__Supplied material__
******
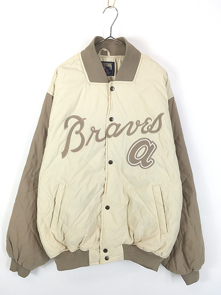古着 90s Majestic MLB Atlanta Braves ブレーブス キルティング スタジアム ジャケット スタジャン XL
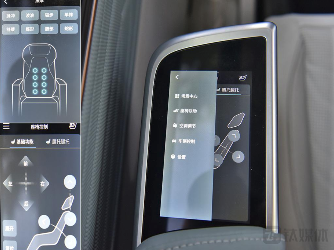 座椅在配置上可以说相当丰富,细节也考虑的较为周到。第二排座椅都可以打开扶手上的滑盖,里面是触控显示屏,和刚刚发布的全新宝马7系有异曲同工之处,而且功能极其全面,包括前后、左右、腰部、头枕、腿托多向调节,还可以个性化设置一键直达,另外加热、通风等功能都有。
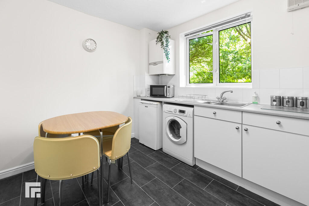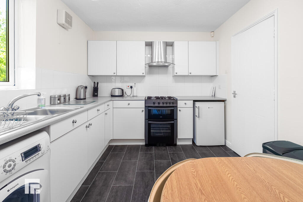 KITCHEN11' 9" x 9' 2" (3.6m x 2.8m) Large separate kitchen. Double glazed uPVC windows to front. Cushioned flooring and partly tiled walls. Modern wall and base units, with rounded edge work surfaces incorporating double stainless steel sink. Ample storage. Double gas oven, with four ring gas hob and extractor hood over. Wall mounted Combi-boiler. Space for washing machine, tumble dryer and fridge freezer. Space for table and chairs. Fitted heat detectors.
******
__Work item__
Each line of the material goes into your copy unchanged, but no picture does.

__Task result__
古着 90s Majestic MLB Atlanta Braves ブレーブス キルティング スタジアム ジャケット スタジャン XL
 座椅在配置上可以说相当丰富,细节也考虑的较为周到。第二排座椅都可以打开扶手上的滑盖,里面是触控显示屏,和刚刚发布的全新宝马7系有异曲同工之处,而且功能极其全面,包括前后、左右、腰部、头枕、腿托多向调节,还可以个性化设置一键直达,另外加热、通风等功能都有。
 KITCHEN11' 9" x 9' 2" (3.6m x 2.8m) Large separate kitchen. Double glazed uPVC windows to front. Cushioned flooring and partly tiled walls. Modern wall and base units, with rounded edge work surfaces incorporating double stainless steel sink. Ample storage. Double gas oven, with four ring gas hob and extractor hood over. Wall mounted Combi-boiler. Space for washing machine, tumble dryer and fridge freezer. Space for table and chairs. Fitted heat detectors.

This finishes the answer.